Write a Python code build 2DCNN model for the following specifications using Keras and compute the number of parameters ,model size and FLOPs

The model architecture consists of several layers designed for image classification tasks, such as recognizing digits from the MNIST dataset. The architecture begins with a 2D convolutional layer (Conv2D), which applies 32 filters of size 3x3 to the input image (28x28x1), followed by the ReLU activation function to introduce non-linearity. This is followed by a max-pooling layer (MaxPooling2D) with a pool size of 2x2, reducing the spatial dimensions of the feature maps while retaining important information. A second convolutional layer with 64 filters of size 3x3 is then applied, again using ReLU activation. Another max-pooling layer  (2x2 ) follows to further downsample the feature maps. The output of the convolutional layers is then flattened into a one-dimensional vector using the Flatten layer, which is fed into the fully connected dense layers. The first dense layer has 64 neurons with ReLU activation, allowing the model to learn complex representations, while the final dense layer has 10 neurons with a softmax activation function, providing probabilities for each of the 10 possible digit classes.


In [7]:
### Write  your code here

from tensorflow.keras.layers import Conv2D, MaxPooling2D, Flatten
from tensorflow.keras.utils import plot_model

model = Sequential([
    Conv2D(32, (3, 3), activation='relu', input_shape=(28, 28, 1)),
    MaxPooling2D((2, 2)),
    Conv2D(64, (3, 3), activation='relu'),
    MaxPooling2D((2, 2)),
    Flatten(),
    Dense(64, activation='relu'),
    Dense(10, activation='softmax')
])

model.summary()

Model: "sequential_2"
_________________________________________________________________
 Layer (type)                Output Shape              Param #   
 conv2d (Conv2D)             (None, 26, 26, 32)        320       
                                                                 
 max_pooling2d (MaxPooling2  (None, 13, 13, 32)        0         
 D)                                                              
                                                                 
 conv2d_1 (Conv2D)           (None, 11, 11, 64)        18496     
                                                                 
 max_pooling2d_1 (MaxPoolin  (None, 5, 5, 64)          0         
 g2D)                                                            
                                                                 
 flatten (Flatten)           (None, 1600)              0         
                                                                 
 dense_6 (Dense)             (None, 64)               

In [8]:
def get_model_size(model):
    param_size = 4
    params = model.count_params()
    size = params * param_size
    return size

In [9]:
model_size = get_model_size(model)
print(f"Model size: {model_size / (1024 ** 2):.2f} MB")

Model size: 0.47 MB


In [10]:
def compute(model):
    totparam = 0
    totflops = 0

    acti_flops_map = {
        "relu": 1,
        "sigmoid": 1,
        "tanh": 1,
        "softmax": 6,
    }

    for layer in model.layers:
        layertype = layer.__class__.__name__
        acti_flops = 0
        acti = getattr(layer, "activation", None)
        acti_name = acti.__name__ if acti else None

        if layertype in ["Dense"]:
            inputunits = layer.input_shape[-1]
            outputunits = layer.output_shape[-1]
            param = inputunits * outputunits + outputunits
            flops = 2 * outputunits * inputunits
            acti_flops = outputunits * acti_flops_map.get(acti_name, 0)

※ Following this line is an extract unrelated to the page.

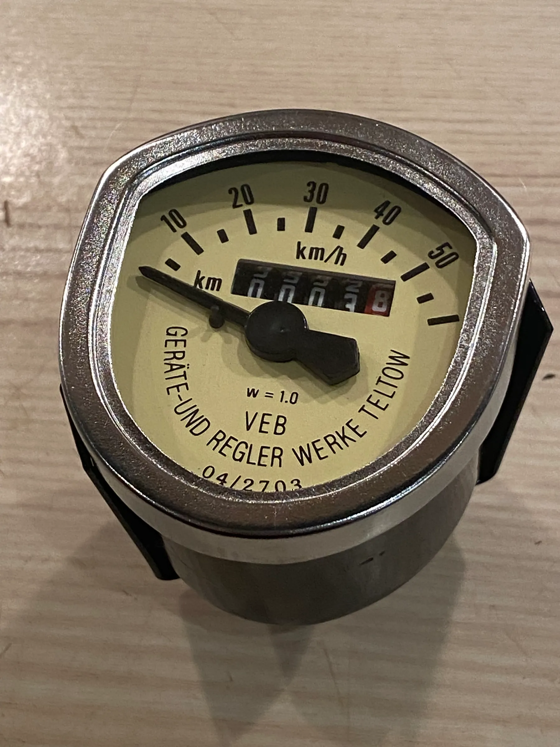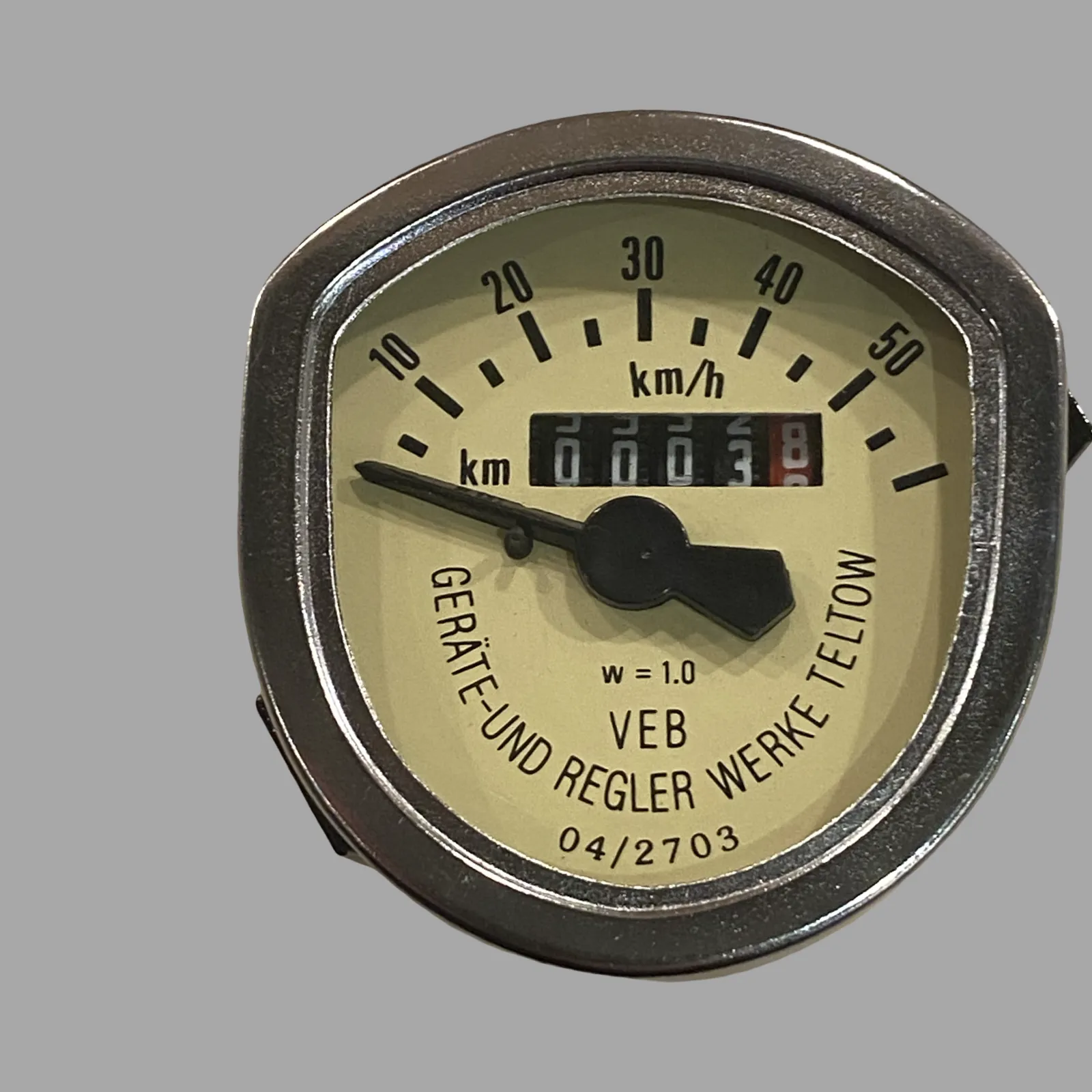 Compteur de vitesse 60 km/h, cadran d'origine VEB Geräte und Reglerwerke Teltow pour Simson SR1, SR2, SR2E, KR50 Compteur de vitesse ovale avec fenêtre d'éclairage, étrier de fixation et joint en caoutchouc. Produit de qualité fabriqué par un fabricant allemand. Cet article est un compteur de vitesse mécanique avec une plage d'affichage allant jusqu'à 60 km/h.

        elif layertype in ["Conv2D", "Conv3D"]:
            kernel_size = layer.kernel_size
            input_shape = layer.input_shape
            output_shape = layer.output_shape
            filters = layer.filters

            param = (filters * kernel_size[0] * kernel_size[1] *
                     input_shape[-1]) + filters

            output_elements = output_shape[1] * output_shape[2] * filters
            flops = 2 * kernel_size[0] * kernel_size[1] * input_shape[-1] * output_elements
            acti_flops = output_elements * acti_flops_map.get(acti_name, 0)

        else:
            param = 0
            flops = 0

        totparam += param
        totflops += flops + acti_flops

    return totparam, totflops


In [11]:
compute(model)

(121930, 5085500)

# Question-4
Write a Python code to build CNN using Keras and compute a  number of parameters,memory and FLOPs for the following model.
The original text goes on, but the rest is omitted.